In the course of chemotherapy bone marrow VSELs were shown to gradually decrease up until the 12^th week of observation (p =<0.0001), with the highest decline within first 15 days of treatment implementation (p = 0.0402). Interestingly, despite initially significant reduction of HSCs at the 15^th day of therapy (p = 0.0001), the cells gradually moved towards the opposite direction compared to VSELs leading to values even higher that those reported at admission (Figure 2A). Next, patient risk-group stratification revealed that in accordance with pre-treatment higher values of VSELs in IR subjects, that group responded most significantly to therapy implementation (p <0.0001). Similarly, HSCs changes were dominant in the patients from the IR group. However, in accordance with previous paragraph an increase was observed after the 15th day of therapy. In addition, primarily lower HSC levels in HR patients also started to increase, with significantly higher values on the 33^rd day (p = 0.0024) (Figure 2B).

Figure 2

Figure 2. Therapy effects on VSEL and HSC populations in the bone marrow in ALL pediatric patients. Changes in VSEL and HSC in the course of therapy (A). Analysis of differences in stem cell response to therapy in ALL patients distinguished by risk-based stratification (SR, standard; IR, intermediate; HR, high risk) (B). Correlation of VSEL or HSC populations (reported at time of admission) with diagnostic parameters in the course of therapy (C). Differences in mutual associations between selected stem cells and laboratory data in median-based low/high VSEL or HSC patient groups (D). Data presented as medians with interquartile range or median values exclusively; heat-maps demonstrating correlation coefficient values. Statistically significant differences were indicated with asterisks: * - p < 0.05, ** - p < 0.01, *** - p < 0.001, **** - p < 0.0001 (color-coded asterisks indicating differences versus diagnosis time; black brackets demonstrating essential variations between groups).
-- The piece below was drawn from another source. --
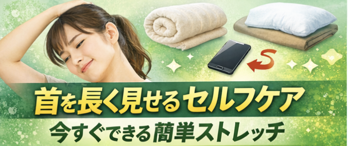 首を長く見せたいなら、いきなり強いストレッチをするより、肩が上がっていないか、胸が閉じていないか、スマホを見る姿勢が崩れていないかを確認する方が近道になりやすいです。なお、首の痛みが強い場合や、しびれ、頭痛、めまいなどを伴う場合は、自己判断だけで進めず、早めに医療機関へ来院することが勧められています。
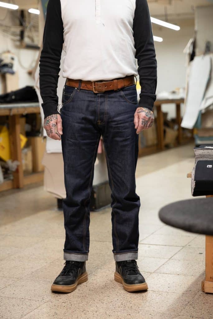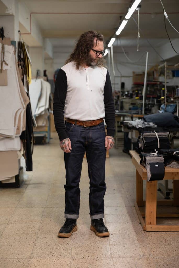 This is Ed wearing them. He’s a 32 waist, 28 leg, About 5’8″. He owns half the company.

3.3 Association between VSELs and HSCs bone marrow levels at diagnosis and disease-related diagnostic parameters

Considering essential differences in selected stem cells in ALL patients and their change during the course of therapy, we evaluated their relation to the monitored laboratory parameters. Basic assessment of correlations with VSELs and HSCs did not reveal any crucial results, with only tendencies for their moderate positive link to 33^rd day leukocyte blood levels (p = 0.077 and p=0.053 accordingly), and hemoglobin level at admission with VSELs separately (p = 0.078) (Figure 2C). Furthermore, as higher stem cells predominated in patients with ALL, we aimed at evaluating correlation of different levels of VSELs or HSCs with monitored parameters. We found, inter alia, positive moderate association between higher VSELs and the MRD level (p=0.014) or bone marrow blasts on the 15^th day of therapy (p=0.08). Interestingly, strong negative correlation was demonstrated between the ALL group with low level VSELs and peripheral blood leukocytes (WBC) on the 15^th day (p=0.007). In contrast to high-VSEL group, positive correlation with day 15 bone marrow blasts was shown in reference to HSCs of low-HSC group (p=0.018). Simultaneously, the same stem cell population demonstrated moderate negative link to peripheral blood blasts levels on the 8^th day of chemotherapy (p=0.04). In context of associations at diagnosis, most significant correlations were shown predominantly in high-HSC patients, where HSC were positively associated with bone marrow blasts (p =0.0459) (Figure 2D).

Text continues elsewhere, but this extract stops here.